After effecting the key exchange, Device A encrypts the content material M 150 and communicates the encrypted material Ek(M) to Device B, at 160, via communications path 161. Because Device B's key K′ is identical to the key K that is used to encrypt the content material M 150, Device B uses key K′ to decrypt the received encrypted material Ek(M) to create a decrypted copy 150′ of the content material M 150, at 165. An eavesdropper to the communications path 161, not having a knowledge of the key K, is unable to decrypt the encrypted material Ek(M), and thus unable to create a copy of the content material M 150.
Note that the above described key exchange, and virtually all known secure key exchanges, require a bidirectional transfer of information between the devices. Many consumer electronic devices, however, are configured for a unidirectional transfer of content material.

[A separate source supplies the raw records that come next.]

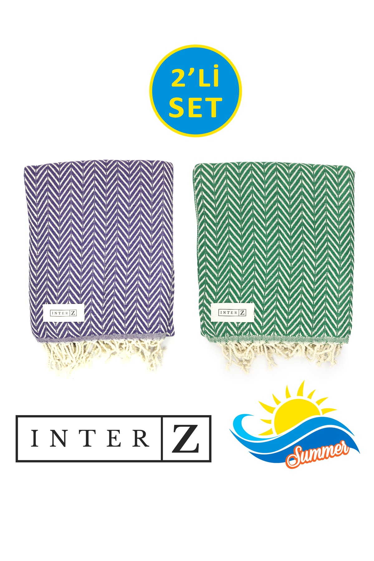 INTER Z 2 db-os Pestemal strandtörölköző készlet 100% pamut Xxl 100x180cm Marmaris lila zöld
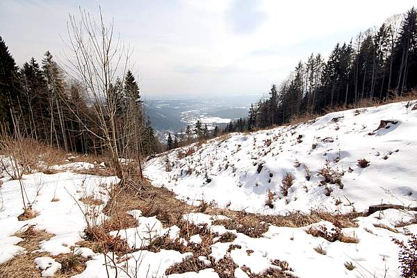 Der schönste moment der gesamten wanderung - wir kommen aus dem wald und sehen graz sowie teile der pannonischen tiefebene vor uns ausgebreitet. dazu scheint die sonne (zum letzten mal für die nächste woche) so richtig kräftig und es ist windgeschützt.
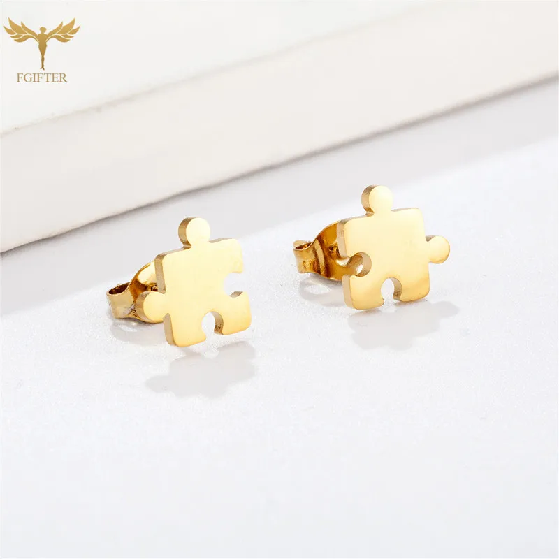 Золотые серьги-гвоздики из нержавеющей стали, ювелирные изделия, обучающая игрушка, дизайн, модные женские серьги для пар, подарок
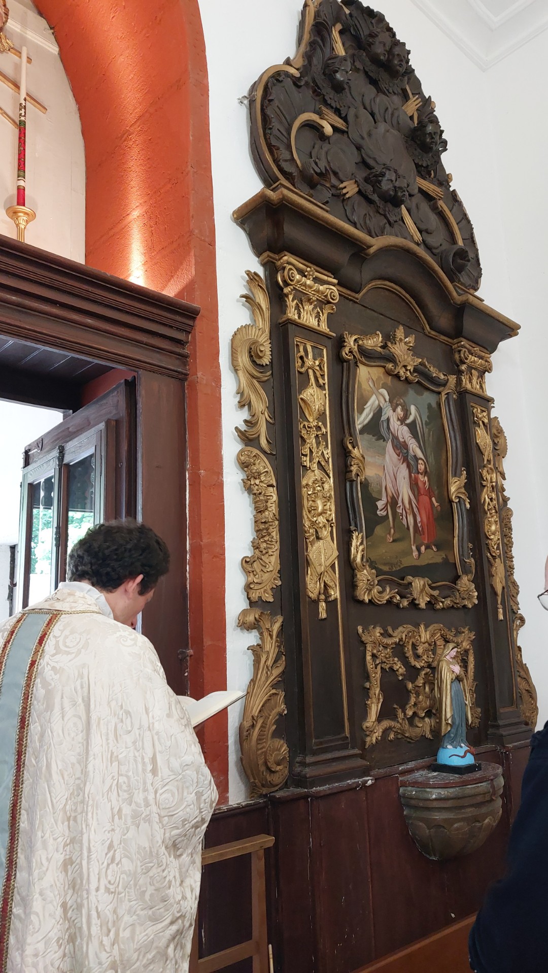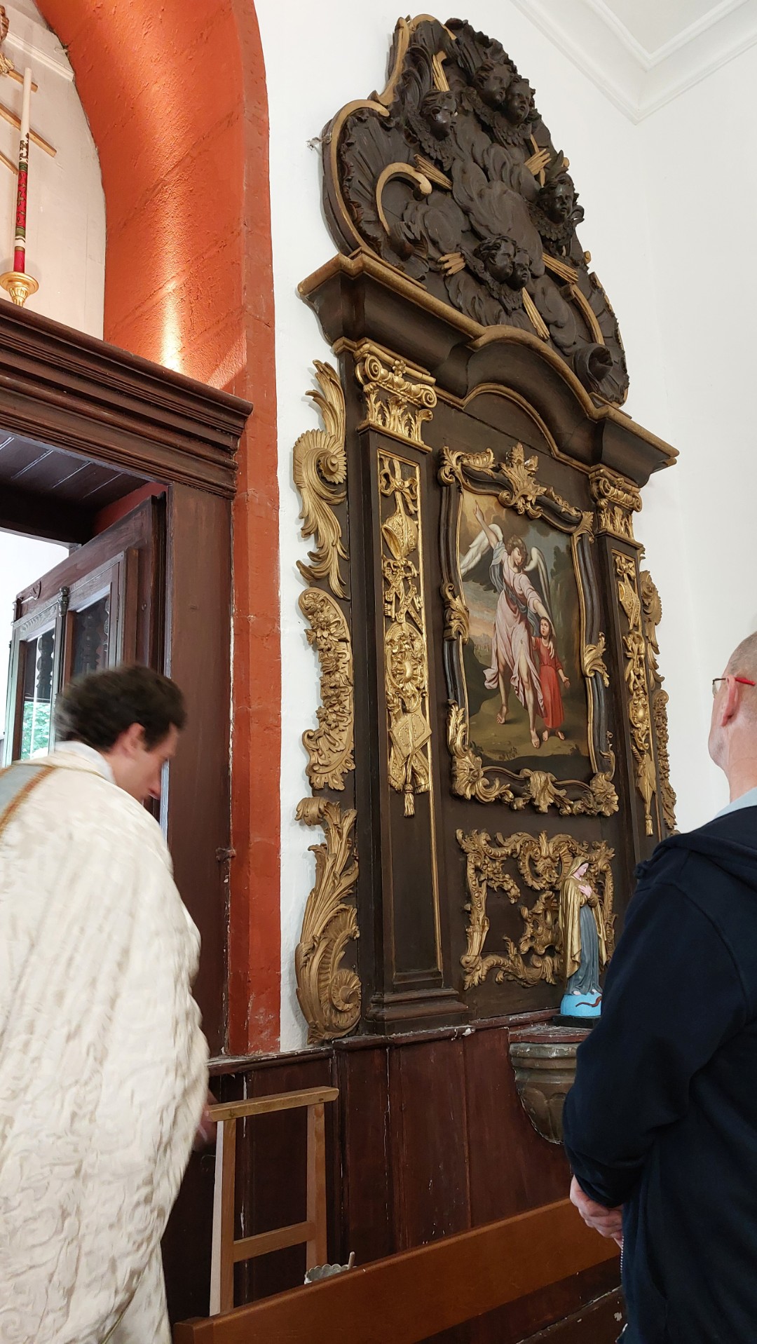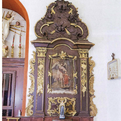 Le retable de l'Ange gardien date du XVIIIè siècle ; il est situé dans la nef de l'église Notre-Dame de l'Assomption, sur le mur du fond à gauche de la porte d'entrée. Il est placé près des fonds baptismaux. (© Henriette T.)
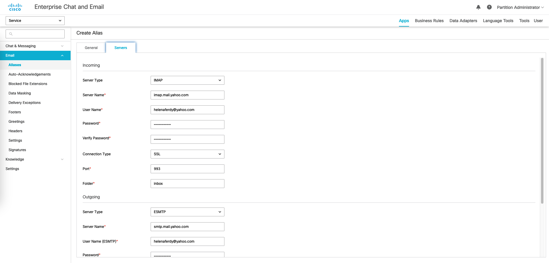 To configure email, add a new alias containing the email details
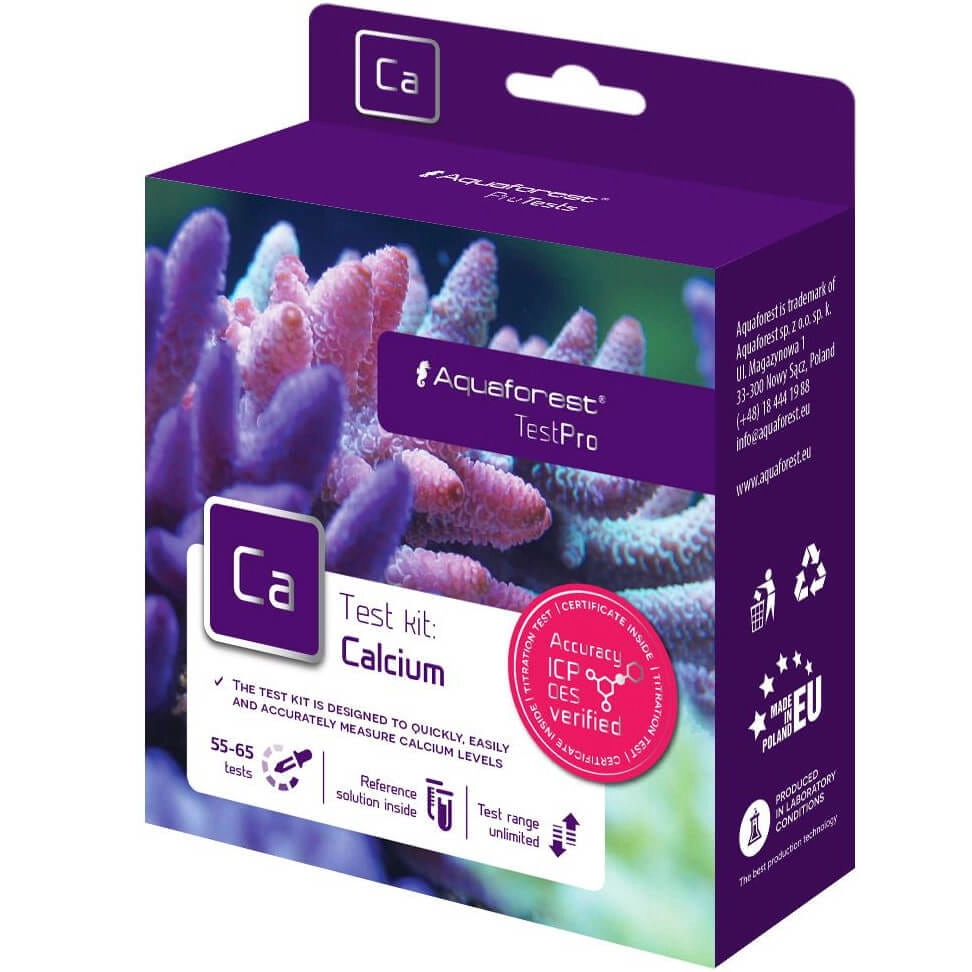 Aquaforest Calcium Test Kit to kompletny zestaw do określenia zawartości wapnia Ca. Przeznaczony do akwarium morskiego. Opakowanie zawiera wszystkie elementy potrzebne do wykonania testu. Umożliwia szybką kontrolę stężenia wapnia w słonej wodzie. Wystarczy na wykonanie 55-65 oznaczeń.

For example, as illustrated in FIG. 2, a conventional set-top box 210 or DVD player 230 includes a wide-bandwidth transmitter for transmitting 211, 212, 231, 232 the content material to a VCR 260 or display device 250, but rarely includes a receiver for receiving communications from the VCR or display device. In a device such as the VCR 260 that has bidirectional communications capabilities 251, 261, the key exchange can be effected by multiplexing the key exchange messages 111, 131, 136 of FIG. 1 onto the same paths 251, 261 that are used to communicate content material. Note, however, that the adoption of this multiplexing scheme for key exchange requires that the receiving device 250 contain receiving equipment that is compatible with the transmission 261 of content material. Thus, a conventional DVD player 230 that transmits 232 wide-bandwidth content material to the VCR 260 will be required to also contain a wide-bandwidth receiver to receive wide-bandwidth content-compatible transmissions 262 from the VCR to effect a key exchange, even though the DVD player will have no other practical use for this wide-bandwidth communications path 262. Note, also, that a switching means will be required at the VCR to redirect the wide-bandwidth output, from the conventional connection 261 to a display device 250, to the DVD player via this newly required communications path 262. Alternatively, additional transmitters, receivers, and communications connectors can be added to each consumer component 210, 220, 250, 260, etc. to effect the key exchange. Each of these options requires additional material and manufacturing costs to add the required communications and connection equipment.